Over the past decade, the global top 10 companies have witnessed significant transformations. For individuals, ten years symbolize personal growth and evolution, while for businesses, it represents a journey of ups and downs, marked by relentless striving. Reflecting on 2013, it was a year of unprecedented upheaval in the global technology industry. Several companies surged into the top 10 global market value rankings with outstanding performance and forward-thinking strategies. However, as time swiftly passed, market dynamics fluctuated. Today, the once illustrious top 10 list has undergone substantial changes.

By 2023, AI technology has emerged as the new engine driving the development of global technology giants.
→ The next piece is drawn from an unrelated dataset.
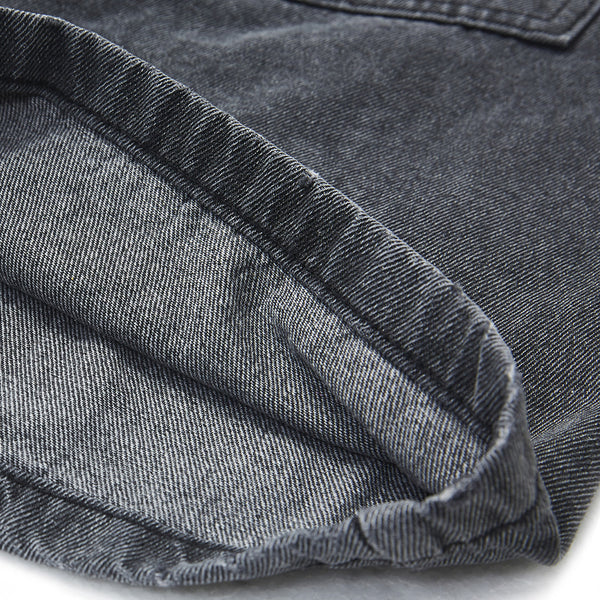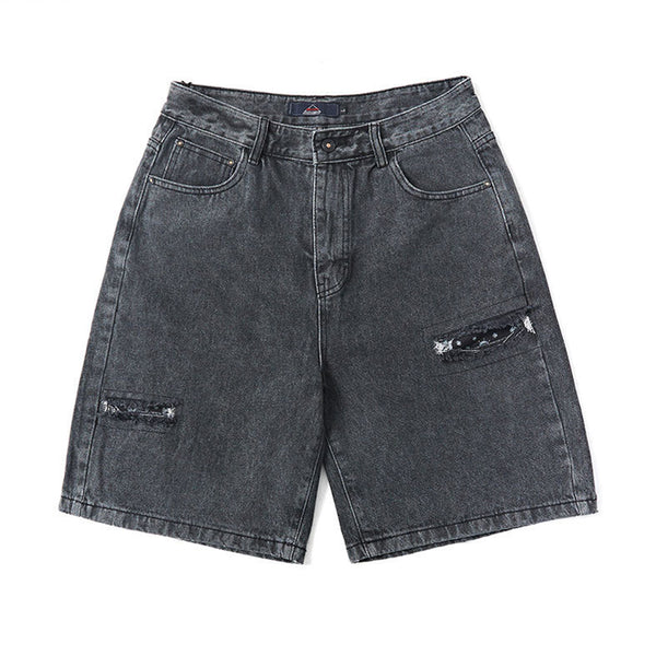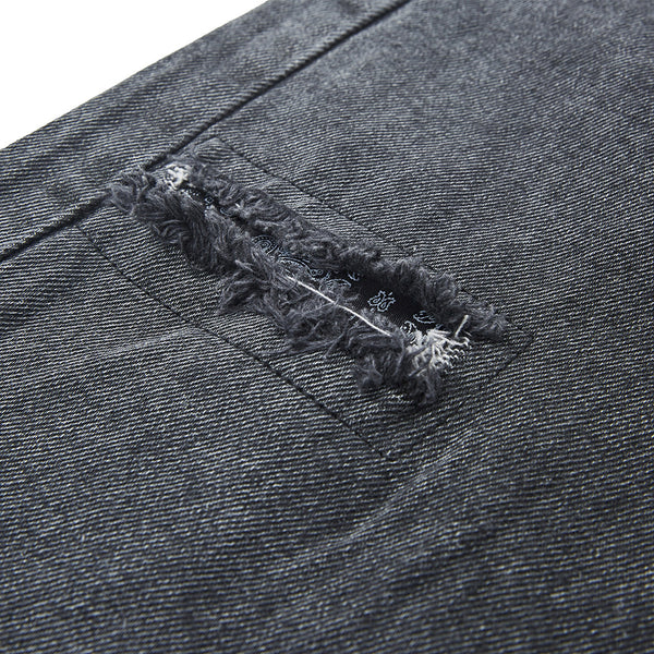 SHREDDED WASHED DENIM KNEE SHORTS DARK GREY JEAN PANTS
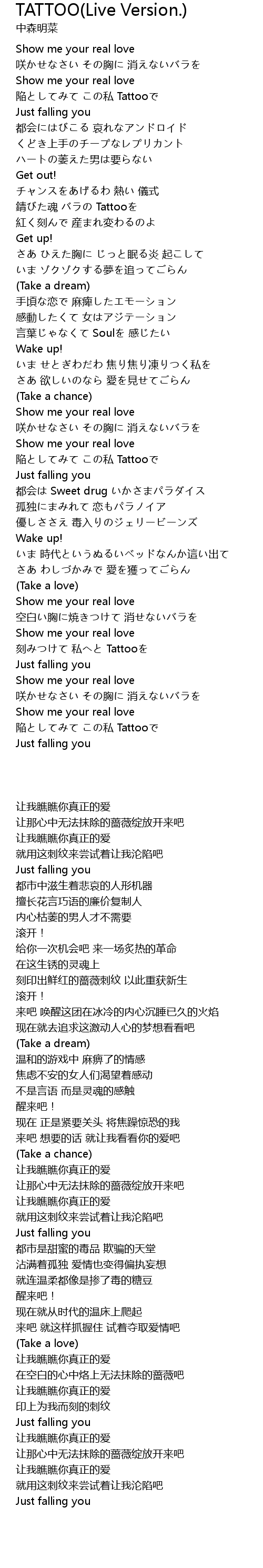 TATTOO(Live Version.) Lyrics

Under the influence of AI, a substantial majority of the top 10 global market value companies are reaching new heights.

The evolution of the global top 10 companies over the past decade showcases a dynamic journey through various market fluctuations. Here's a glance at how the list has changed from 2013 onwards:

  • 2013: Apple, ExxonMobil, Microsoft, PetroChina, ICBC, China Mobile, Google, Walmart, Berkshire Hathaway, General Electric.
  • 2014: Apple, ExxonMobil, Google, Microsoft, Berkshire Hathaway, General Electric, Johnson & Johnson, Walmart, Chevron, Wells Fargo.
  • 2015: Apple, Google, Microsoft, Berkshire Hathaway, ExxonMobil, Amazon, Facebook, General Electric, Johnson & Johnson, Bank of America.
  • 2016: Apple, Google, Microsoft, Berkshire Hathaway, ExxonMobil, Facebook, Johnson & Johnson, Amazon, General Electric, Bank of America.
  • 2017: Apple, Google, Microsoft, Amazon, Facebook, Tencent, Berkshire Hathaway, Alibaba, Johnson & Johnson, JPMorgan Chase.
  • 2018: Apple, Google, Microsoft, Amazon, Tencent, Berkshire Hathaway, Alibaba, Facebook, JPMorgan Chase, Johnson & Johnson.
  • 2019: Saudi Aramco, Apple, Microsoft, Google, Amazon, Facebook, Alibaba, Berkshire Hathaway, Tencent, JPMorgan Chase.
  • 2020: Apple, Saudi Aramco, Microsoft, Amazon, Google, Facebook, Tencent, Tesla, Alibaba, Berkshire Hathaway.
  • 2021: Apple, Microsoft, Google, Saudi Aramco, Amazon, Tesla, Meta (formerly Facebook), TSMC, Tencent.
  • 2022: Apple, Microsoft, Saudi Aramco, Google, Amazon, Berkshire Hathaway, Tesla, UnitedHealth Group, Johnson & Johnson, ExxonMobil.
  • 2023: Apple, Microsoft, Saudi Aramco, Google, Amazon, NVIDIA, Meta, Berkshire Hathaway, Roche, Tesla.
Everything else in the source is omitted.